Exercise: Take the lines in the listing below from the line with "uro i kroppen." up to and including the line with "BRAUTIGAM, Ronald (Pianist): eigenhändig" and set them down exactly, skipping pictures and adding nothing.

Records for this task:
= = =
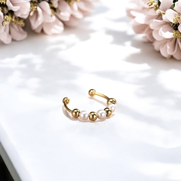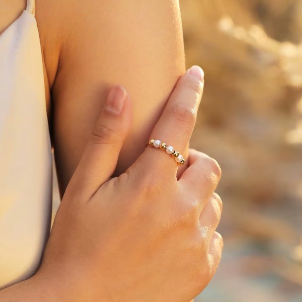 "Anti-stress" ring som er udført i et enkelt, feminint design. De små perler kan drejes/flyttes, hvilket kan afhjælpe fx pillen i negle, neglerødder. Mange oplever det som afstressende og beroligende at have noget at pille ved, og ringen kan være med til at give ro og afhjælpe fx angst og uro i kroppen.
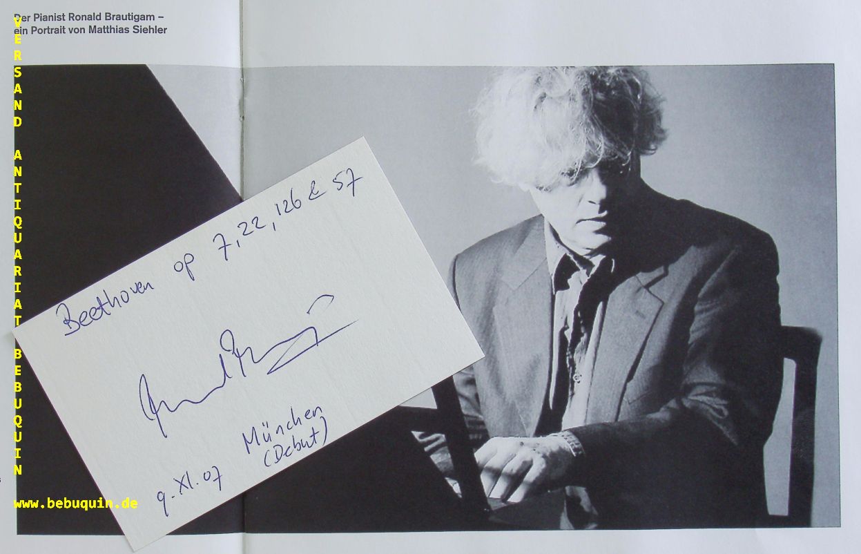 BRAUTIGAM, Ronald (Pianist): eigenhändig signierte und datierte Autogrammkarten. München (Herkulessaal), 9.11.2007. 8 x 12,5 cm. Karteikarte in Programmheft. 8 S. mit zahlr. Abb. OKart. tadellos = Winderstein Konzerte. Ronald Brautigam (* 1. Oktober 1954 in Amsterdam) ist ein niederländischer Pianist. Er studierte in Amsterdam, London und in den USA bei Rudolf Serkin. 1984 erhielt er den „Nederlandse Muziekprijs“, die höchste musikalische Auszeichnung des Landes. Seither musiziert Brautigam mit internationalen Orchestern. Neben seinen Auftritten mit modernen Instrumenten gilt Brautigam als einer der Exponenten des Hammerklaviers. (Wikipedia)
= = =
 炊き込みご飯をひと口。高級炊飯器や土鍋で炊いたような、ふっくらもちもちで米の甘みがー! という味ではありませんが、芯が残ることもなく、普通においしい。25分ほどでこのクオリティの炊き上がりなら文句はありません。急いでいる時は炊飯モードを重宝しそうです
= = =
Response to the exercise:
 "Anti-stress" ring som er udført i et enkelt, feminint design. De små perler kan drejes/flyttes, hvilket kan afhjælpe fx pillen i negle, neglerødder. Mange oplever det som afstressende og beroligende at have noget at pille ved, og ringen kan være med til at give ro og afhjælpe fx angst og uro i kroppen.
 BRAUTIGAM, Ronald (Pianist): eigenhändig signierte und datierte Autogrammkarten. München (Herkulessaal), 9.11.2007. 8 x 12,5 cm. Karteikarte in Programmheft. 8 S. mit zahlr. Abb. OKart. tadellos = Winderstein Konzerte. Ronald Brautigam (* 1. Oktober 1954 in Amsterdam) ist ein niederländischer Pianist. Er studierte in Amsterdam, London und in den USA bei Rudolf Serkin. 1984 erhielt er den „Nederlandse Muziekprijs“, die höchste musikalische Auszeichnung des Landes. Seither musiziert Brautigam mit internationalen Orchestern. Neben seinen Auftritten mit modernen Instrumenten gilt Brautigam als einer der Exponenten des Hammerklaviers. (Wikipedia)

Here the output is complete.